AVAILABLE DATA:
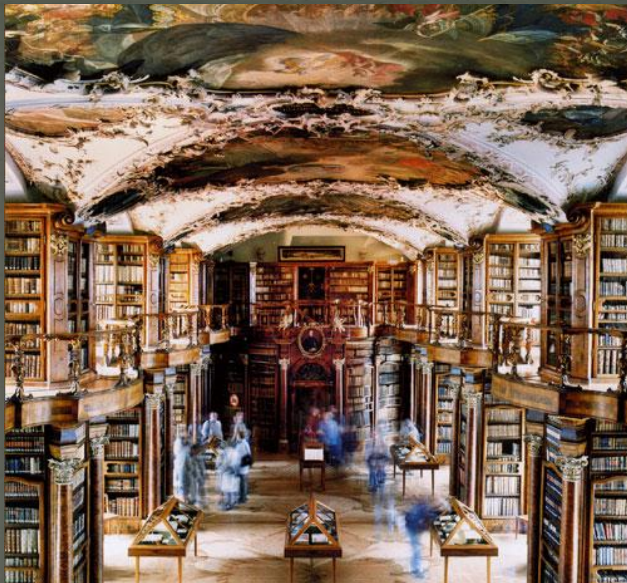
Библиотека аббатства Санкт-Галлена
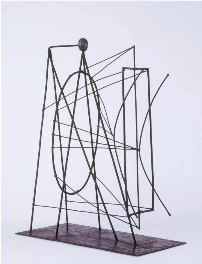
Pablo Picasso, Figuur , 1928. Musée national Picasso-Paris © Succession Picasso - SABAM Belgium 2016. Foto © RMN-Grand Palais (musée Picasso de Paris) / Béatrice Hatala
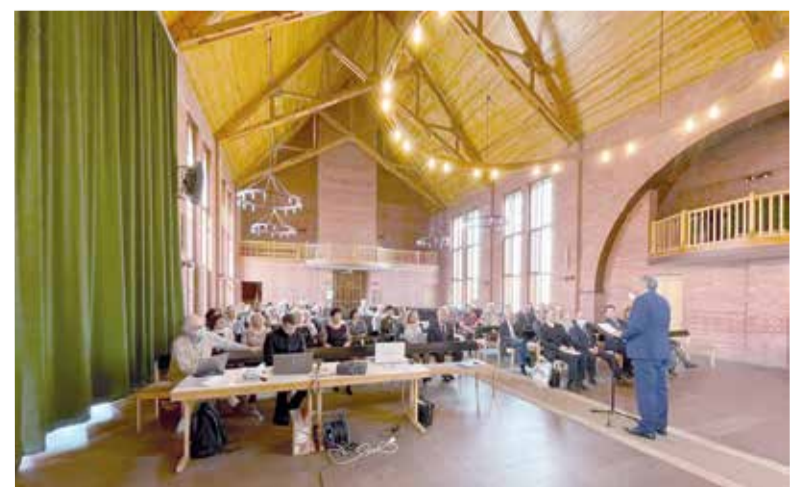
В течение дня прозвучали доклады, представленные руководителями общественных организаций российских немцев Омской области, Центрами немецкой культуры, служителями Церкви, представляющими различные традиционные конфессии немцев России...

Организаторы семинара могут быть довольны – основная его цель достигнута. Актив омских немцев осознает крайнюю необходимость комплексного взаимодействия с Церковью по вопросам сохранения и развития своей национальной идентичности. По итогам работы семинара можно вывести определенную триаду успешной деятельности немцев Омского Прииртышья, которая заключается в ответственности самих немцев за свою судьбу, конструктивном сотрудничестве с органами власти, духовном взаимодействии с традиционными конфессиями немцев России. ■
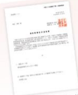
自身でも2014年に創業補助金を採択をされた。
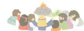
契約とミツバ運動
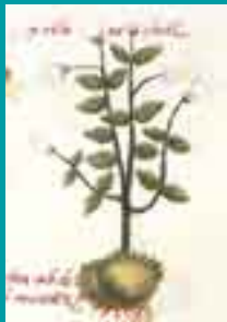
Yolloxóchitl o flor del corazón

La inclusión de la flor en la vida tanto mágica como cotidiana del hombre prehispánico fue tal que se mandaba a construir increíbles y majestuosos jardines con la mayor cantidad de flores y árboles que sería difícil imaginar sino fuera por los testimonios y códices encontrados como el Códice Matritense, que nos detalla la magnificencia del jardín del señor de Itztpalapa, Cuitlahuac II, el cual maravillo a los conquistadores por su gran variedad de clases de árboles así como de flores de diferentes regiones en donde se podían encontrar un Cochitzzápotl o zapote blanco que era de uso medicinal, un Yauhtli o pericón de uso ritual hasta un Tlalayotli o calabaza de la tierra de hojas comestibles y raíz medicinal. Las fiestas y rituales no eran ajenos para las flores, su función era importante e imprescindible, solían aparecer como actrices principales de estas festividades o como elemento mágico-religioso en estas. Una festividad en donde se sabe hacían su aparición las flores era la de Tzoztontli, dedicada a Coatlicue en donde lo curioso era que las flores que se ofrecían en su templo eran las primeras que nacían en ese año y nadie osaba a olerlas hasta que se ofrecieran a la mencionada diosa. Otra fiesta en donde lucían las coloridas flores era en la de tlaxochimaco, dedicada a Huitzilopochtli, en donde se le ofrecían diferentes clases de flores en forma de ramo y de collares.
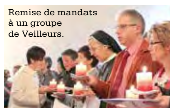
Remise de mandats à un groupe de Veilleurs.

Parce que nous sommes insérés dans un quartier ou un village, nous connaissons tous des situations qui mériteraient qu'on s'y arrête, pour un coup de pouce ou une adresse. De nombreuses personnes sont déjà attentives à ce que se passe autour d'elles et viennent volontiers en aide. Mais il nous arrive aussi parfois ne pas savoir que faire. Au nom de qui et comment intervenir?
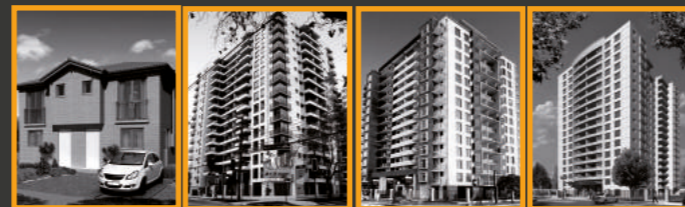
Casas Jardín de Maipú Edificio Dublé Infante Edificio Antonio Varas 2171 Edificio Dublé Almeyda
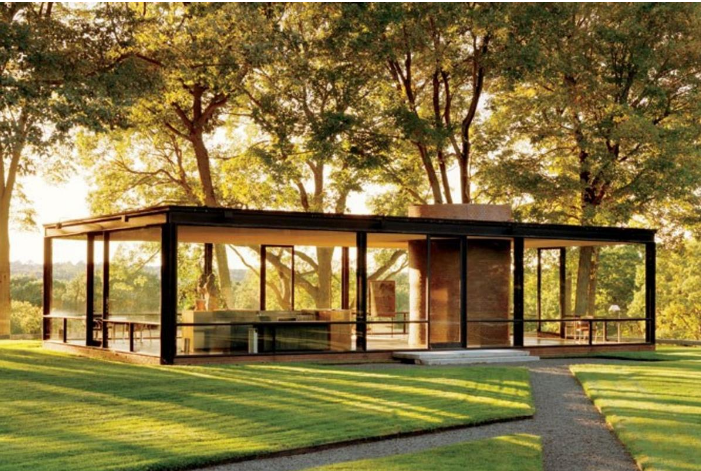
Стеклянный дом (Нью-Канаан), 1949

представитель «интернационального стиля» в американской архитектуре середины XX века, постмодернист.
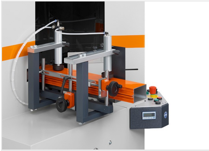
Piły do wycięć klinowych AKS V-550
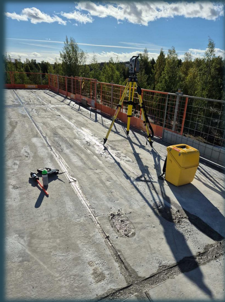
”TÄKYMETRI”, mittamiehen mittalaitteisto
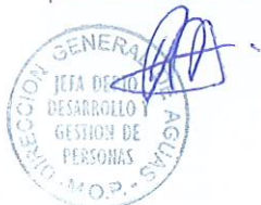
RODRIGO SANHUEZA BRAVO Director General de Aguas Ministerio de Obras Públicas
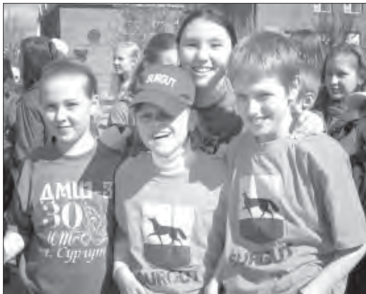
В летние лагеря рвутся пока не особо рьяно.

Всего на летний отдых детей в Сургуте планируется израсходовать порядка 105 млн. рублей, не считая тех средств, которые выделяют на эти цели градообразующие предприятия. Самую большую часть расходов (30,8 млн. руб.) понесет бюджет города, чуть меньше - Фонд социального страхования (29,1 млн.), родительская плата должна составить 20,2 млн. рублей.
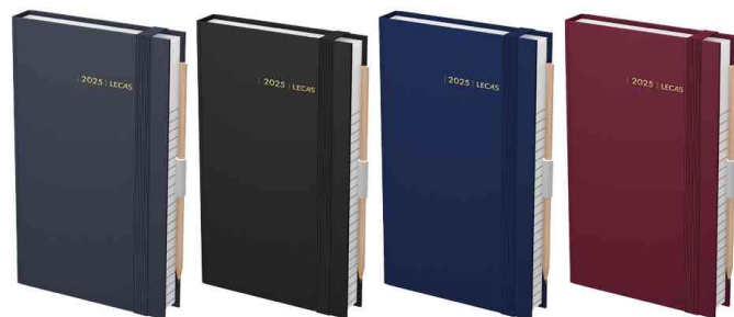
Visuel de référence: Agenda journalier Chantier, aperçu des couleurs

WHAT YOU WILL DO: Look above for the line containing "Piły do wycięć klinowych AKS V-550", then write out every line from there down to the line containing "В летние лагеря рвутся пока не особо рьяно.", that line included, with no pictures.

EXERCISE RESULT:
Piły do wycięć klinowych AKS V-550
”TÄKYMETRI”, mittamiehen mittalaitteisto
RODRIGO SANHUEZA BRAVO Director General de Aguas Ministerio de Obras Públicas
В летние лагеря рвутся пока не особо рьяно.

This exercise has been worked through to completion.